Exercise details ▸ Your answer must be a word-for-word copy of the listing below, minus its pictures.

Supplied information ▸

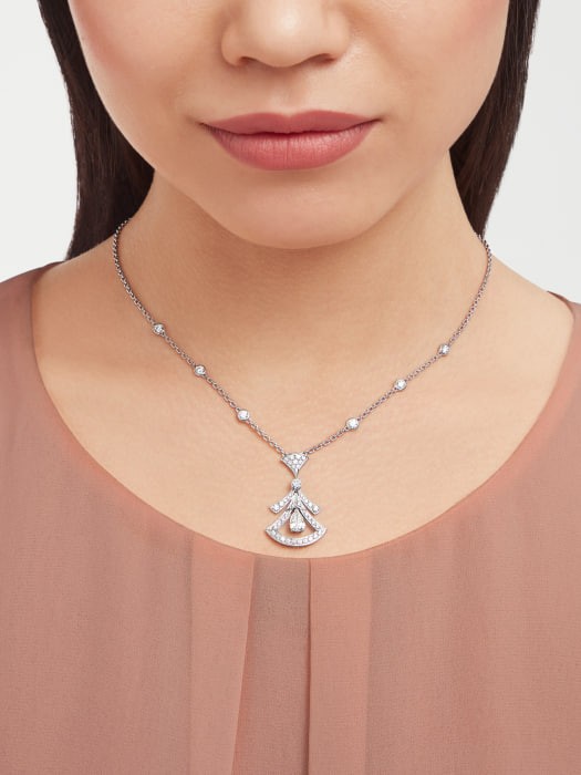 The DIVAS' DREAM necklace captures the essence of Italian aesthetics and elegance, paying homage to the enchanting goddess in the unique Roman spirit. THE GLAMOROUS AND DELICATE JEWELRY IS FAN-SHAPED INSPIRED BY THE MOSAIC DECORATIONS OF ROMAN'S CARACALLA BATHS, AND REINTERPRETED WITH LIGHT OPENWORK ELEMENTS AND BRILLIANT DIAMONDS.
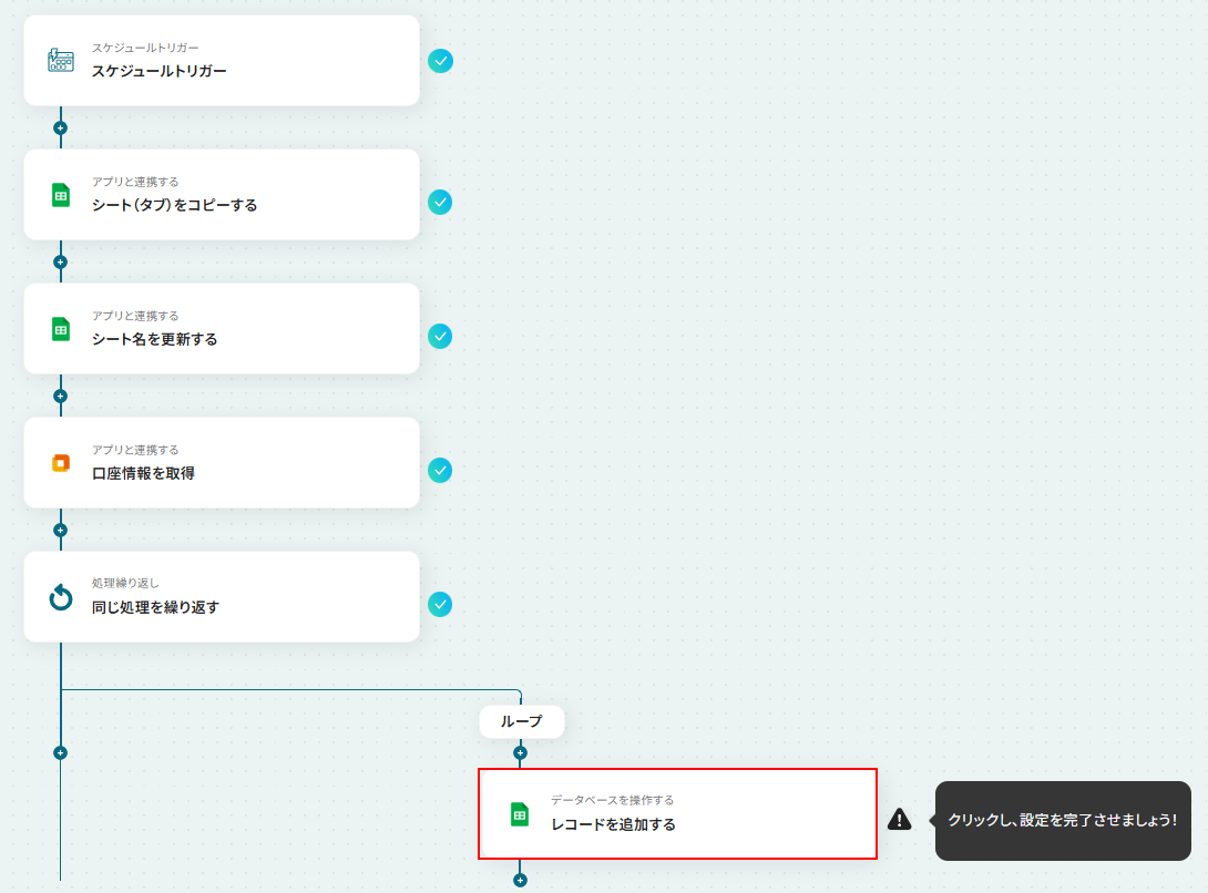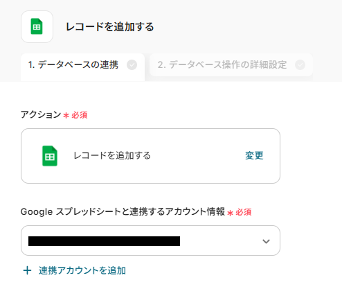 - 最後に、繰り返し処理の中でGoogle スプレッドシートの「レコードを追加する」アクションを設定し、情報を1行ずつ追加します。
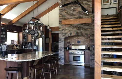 Overlooking a year 'round babbling creek, this mountain retreat will surround you in natural beauty while giving comfort, joy, and awe. Sweeping views of the hillside and creek set the mood in the great room. The wall of windows provide warm light for gathering at the dining table and lounging on the large sectional. Luxurious finishes include a chef's kitchen with corner farm-sink, granite counters, plus commercial range and hood. Details like locally harvested, reclaimed barn wood, soaring beams, and rich walnut doors & trim compliment the native setting. There’s also a wood-burning stove providing both warmth and ambiance.
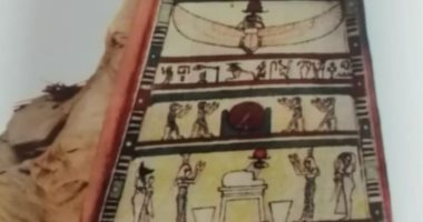 يعرض مومياء لكبش ملفوف بلفائف كتابية عليها رسوم لبعض الآليه من العصر اليوناني الروماني

Answer to this problem ▸
 The DIVAS' DREAM necklace captures the essence of Italian aesthetics and elegance, paying homage to the enchanting goddess in the unique Roman spirit. THE GLAMOROUS AND DELICATE JEWELRY IS FAN-SHAPED INSPIRED BY THE MOSAIC DECORATIONS OF ROMAN'S CARACALLA BATHS, AND REINTERPRETED WITH LIGHT OPENWORK ELEMENTS AND BRILLIANT DIAMONDS.
 - 最後に、繰り返し処理の中でGoogle スプレッドシートの「レコードを追加する」アクションを設定し、情報を1行ずつ追加します。
 Overlooking a year 'round babbling creek, this mountain retreat will surround you in natural beauty while giving comfort, joy, and awe. Sweeping views of the hillside and creek set the mood in the great room. The wall of windows provide warm light for gathering at the dining table and lounging on the large sectional. Luxurious finishes include a chef's kitchen with corner farm-sink, granite counters, plus commercial range and hood. Details like locally harvested, reclaimed barn wood, soaring beams, and rich walnut doors & trim compliment the native setting. There’s also a wood-burning stove providing both warmth and ambiance.
 يعرض مومياء لكبش ملفوف بلفائف كتابية عليها رسوم لبعض الآليه من العصر اليوناني الروماني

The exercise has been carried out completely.